Oil search could generate jobs
What is your stance on oil exploration in the south?
Poll: Two Australasian oil giants will search for black gold and gas off the coast of the Catlins.
Woodside Petroleum and New Zealand Oil and Gas were in Southland this week to discuss their permits in the Great South Basin and are optimistic about success, which they say could generate more than 2000 jobs in the region.
Preliminary discussions about potential plans were held with Venture Southland, Environment Southland and local iwi.
Woodside (the operator) has 70 per cent equity and New Zealand Oil and Gas Limited (NZOG) has 30 per cent in the exploration permits, which were secured in December but became operational only this week.
Woodside has committed to 3-D seismic acquisition late this year or early 2015 with the option for future drilling.
The offshore permit (known as Toroa) covers 9835 square kilometres - an area about five times the size of Stewart Island.
New Zealand Oil and Gas chief executive Andrew Knight said it was appropriate on the first day of the permit (Tuesday) to meet community representatives to build relationships before work progressed.
Geology studies had started and an investment would be made for seismic work in the next 12 to 18 months.
Two wells were drilled in the area in the 1970s that encountered hydrocarbon, so they knew something was there and better technology would help in the search, he said.
The industry was guilty of "over-hyping" too early but Southland could expect great things if gas or oil was found. However, it would be a long process.
After seismic work, there would be nine months of processing data and then another year to analyse it.
It could be five to 10 years before any discoveries were developed, he said. "Our drilling option is by 2021 but we probably will not wait that long."
If drilling were successful, then more than 2000 people in the region could be employed directly on the construction site for about three years and once completed that would drop to a few hundred. However, jobs would be created by subsidiary industries. There would also be indirect employment and economic benefits to the region.

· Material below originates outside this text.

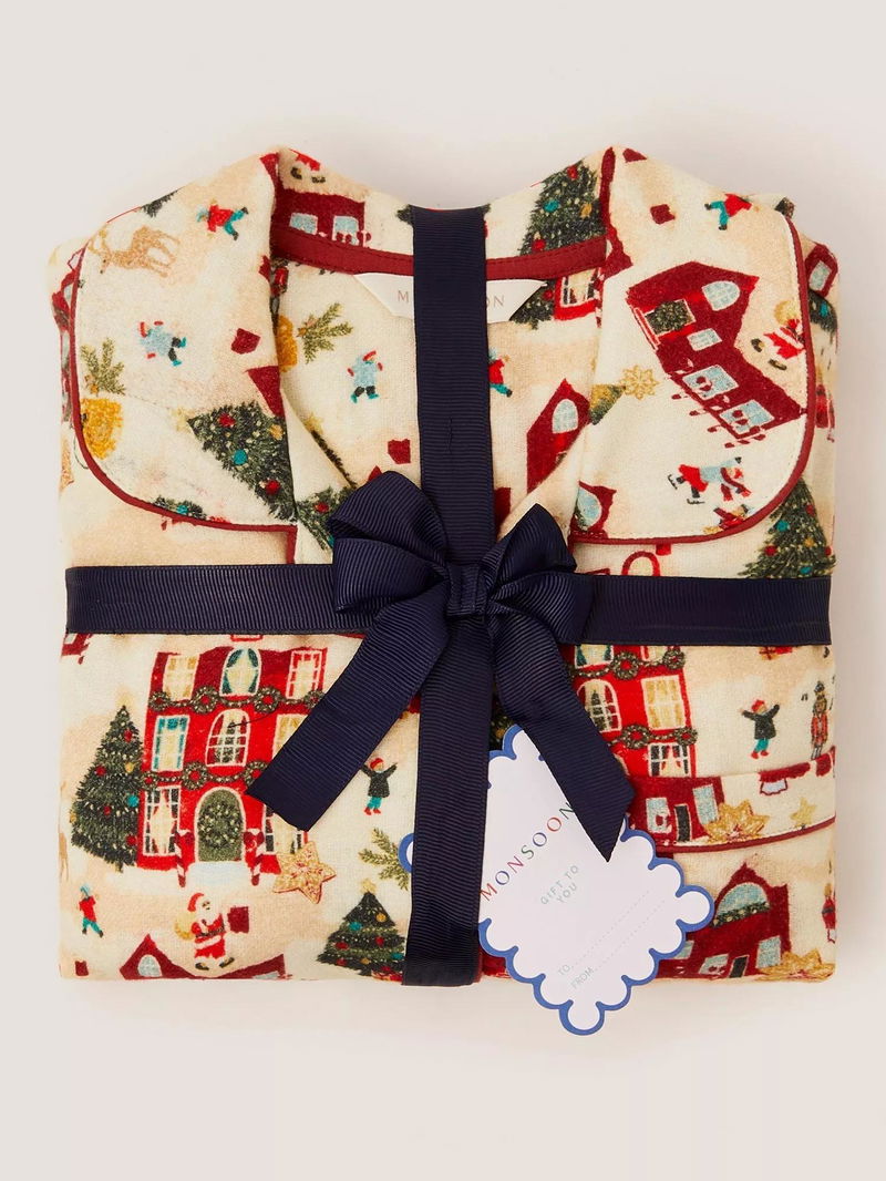 Kids' Cotton Long Sleeved Christmas Pyjamas, Cream/Multi

Southland had only to look at Taranaki and how its GDP had doubled, he said.
"If this is successful it will really transform Southland and that excites me," Knight said. He understood the valid environmental concerns but said often people did not understand fully.

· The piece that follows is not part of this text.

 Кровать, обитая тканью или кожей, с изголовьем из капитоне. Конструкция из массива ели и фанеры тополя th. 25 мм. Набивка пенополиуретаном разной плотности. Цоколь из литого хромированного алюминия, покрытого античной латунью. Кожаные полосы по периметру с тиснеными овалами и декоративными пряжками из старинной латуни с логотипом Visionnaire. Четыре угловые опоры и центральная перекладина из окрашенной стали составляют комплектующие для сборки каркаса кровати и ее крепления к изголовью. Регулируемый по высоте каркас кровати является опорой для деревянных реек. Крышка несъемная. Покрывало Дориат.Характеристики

They would have a marine mammal observer on board boats and reporting back to DOC, which had the right to stop them from working.
Trade Minister Tim Groser was in Invercargill this week.

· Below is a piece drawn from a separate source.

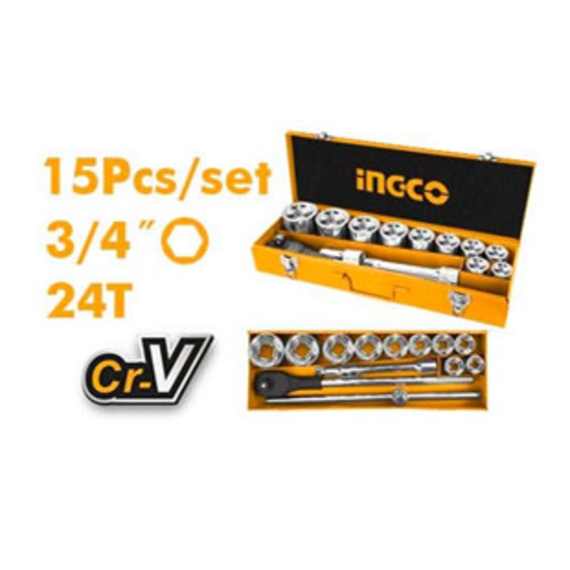 Ingco HKTS034151 15pcs Socket Wrench Set 3/4″ Drive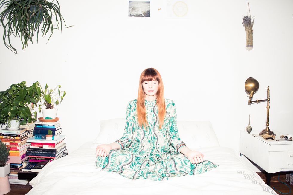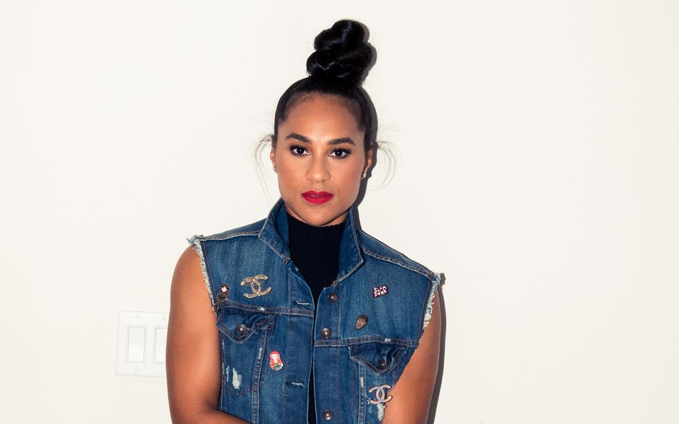 Wearing: “Chic PJs, tassel earrings, red high-top Converse.”

"We think there is stuff there."
The region should not to be too disappointed if it failed on the first go, because more attempts would be made, he said.
Woodside representatives could not be reached for comment yesterday.
Green Party Invercargill candidate Dave Kennedy said exploration in the southern part of the Great South Basin would threaten the region's oyster and fishing industry, the unique biodiversity of the Catlins environment, Hector's dolphins and yellow-eyed penguins.
The clean, green image exporters saw of the region did not fit with drilling, and more focus should be placed on renewable energy, he said.
Submissions from iwi and councils to the Ministry of Business Innovation and Employment when the permits were granted stressed the importance of early and ongoing engagement with both the Crown and companies throughout the block offer process.
Several submitters expressed concerns about the health, safety and environmental impacts of petroleum-related activities.